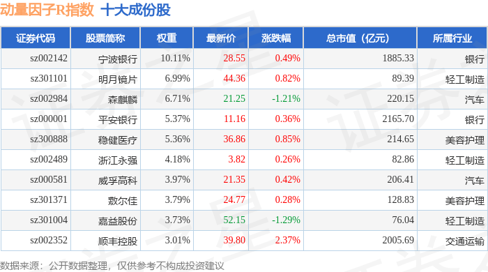 动量因子R(480057)指数十大成份股详情如下:
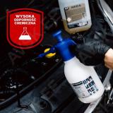 Professionaalne käsiprits Masner SPARO on detergentide ja keemiliselt aktiivsete leeliseliste ainete lahuste pealekandmiseks. Pritsi iseloomustab kõrge keemiline vastupidavus. kindel konstruktsioon ja kasutusmugavus. Tänu Viton® FPM tihenditele on see vastupidav õlidele. rasvadele. bensiinile ja teistele tugevatoimelistele kemikaalidele. Viton® tihend on spetsiaalne fluorikummist valmistatud elastomeer. Seda materjali iseloomustavad minimaalne takistuse vähenemine kuumuse mõjul. väga kõrge keemiline vastupidavus. mittesüttivus. madal gaasi läbilaskvus. vastupidavus madalrõhu tingimustele. kasutamise võimalus osoonikeskkonnas. vastupidavus UV-kiirgusele ja aromaatsetele süsivesinikele. Ei sobi kasutamiseks järgmiste ainetega: vesinikkloriidhape. naatriumhüpoklorit. leelised. viskoossed ja paksud vedelikud. vedelikud temperatuuriga üle 40°C.
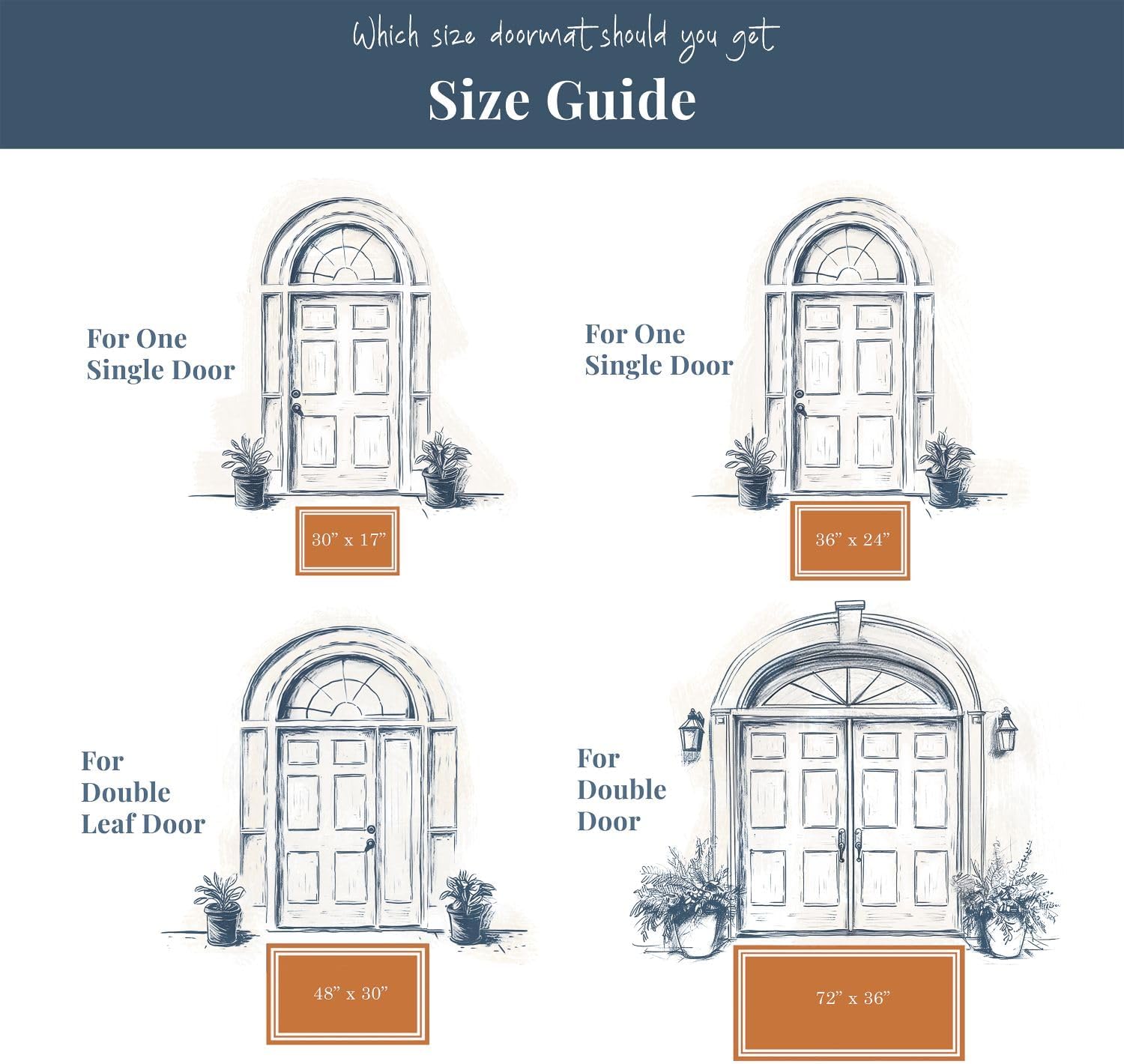 - The Perfect Size - Measuring 72 x 36 inches, our welcome mat outdoor entrance rug is just the right size for any entryway. It’s big enough to accommodate two people standing side by side, yet small enough to fit in front of a single door without overwhelming the space. It’s the ideal front door mat outside entrance rug for any home or office.
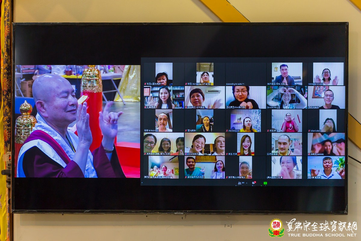 最後,法會也到了尾聲。法王頂禮壇城後,便與Zoom上弟子一一道別。在今天的開示中,法王的語言都是在轉大法輪;回答弟子們的問題時,以精彩的字字句句調御弟子們的心。法王佛誕來臨之際,歡迎大家一起參與《萬人持誦真佛經 》及持誦長壽佛心咒活動,以此無量功德迴向蓮生法王健康長壽、恆轉法輪、請佛住世!
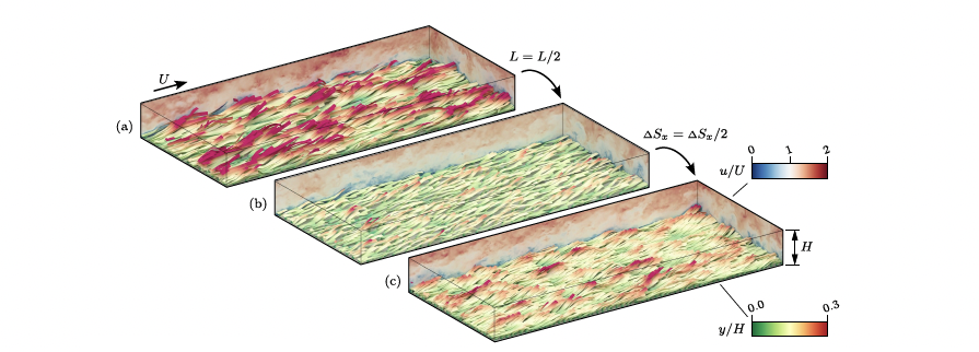 Additional simulations featuring wider domains were simulated in this project period, including sensitivity analyses, and the variation of different canopy properties. An illustration is given in figure 2. Characteristics of flow and canopy motion were extracted by means of time averages, including Reynolds stresses. Quadrant analyses give access to sweep and ejection events which are linked to low- and high-speed velocity streaks.
+---+
### AIM OF THE TASK
Omit every picture, then write out the entries above exactly.

### THE ANSWER
 动量因子R(480057)指数十大成份股详情如下:
 Professionaalne käsiprits Masner SPARO on detergentide ja keemiliselt aktiivsete leeliseliste ainete lahuste pealekandmiseks. Pritsi iseloomustab kõrge keemiline vastupidavus. kindel konstruktsioon ja kasutusmugavus. Tänu Viton® FPM tihenditele on see vastupidav õlidele. rasvadele. bensiinile ja teistele tugevatoimelistele kemikaalidele. Viton® tihend on spetsiaalne fluorikummist valmistatud elastomeer. Seda materjali iseloomustavad minimaalne takistuse vähenemine kuumuse mõjul. väga kõrge keemiline vastupidavus. mittesüttivus. madal gaasi läbilaskvus. vastupidavus madalrõhu tingimustele. kasutamise võimalus osoonikeskkonnas. vastupidavus UV-kiirgusele ja aromaatsetele süsivesinikele. Ei sobi kasutamiseks järgmiste ainetega: vesinikkloriidhape. naatriumhüpoklorit. leelised. viskoossed ja paksud vedelikud. vedelikud temperatuuriga üle 40°C.
 - The Perfect Size - Measuring 72 x 36 inches, our welcome mat outdoor entrance rug is just the right size for any entryway. It’s big enough to accommodate two people standing side by side, yet small enough to fit in front of a single door without overwhelming the space. It’s the ideal front door mat outside entrance rug for any home or office.
 最後,法會也到了尾聲。法王頂禮壇城後,便與Zoom上弟子一一道別。在今天的開示中,法王的語言都是在轉大法輪;回答弟子們的問題時,以精彩的字字句句調御弟子們的心。法王佛誕來臨之際,歡迎大家一起參與《萬人持誦真佛經 》及持誦長壽佛心咒活動,以此無量功德迴向蓮生法王健康長壽、恆轉法輪、請佛住世!
 Additional simulations featuring wider domains were simulated in this project period, including sensitivity analyses, and the variation of different canopy properties. An illustration is given in figure 2. Characteristics of flow and canopy motion were extracted by means of time averages, including Reynolds stresses. Quadrant analyses give access to sweep and ejection events which are linked to low- and high-speed velocity streaks.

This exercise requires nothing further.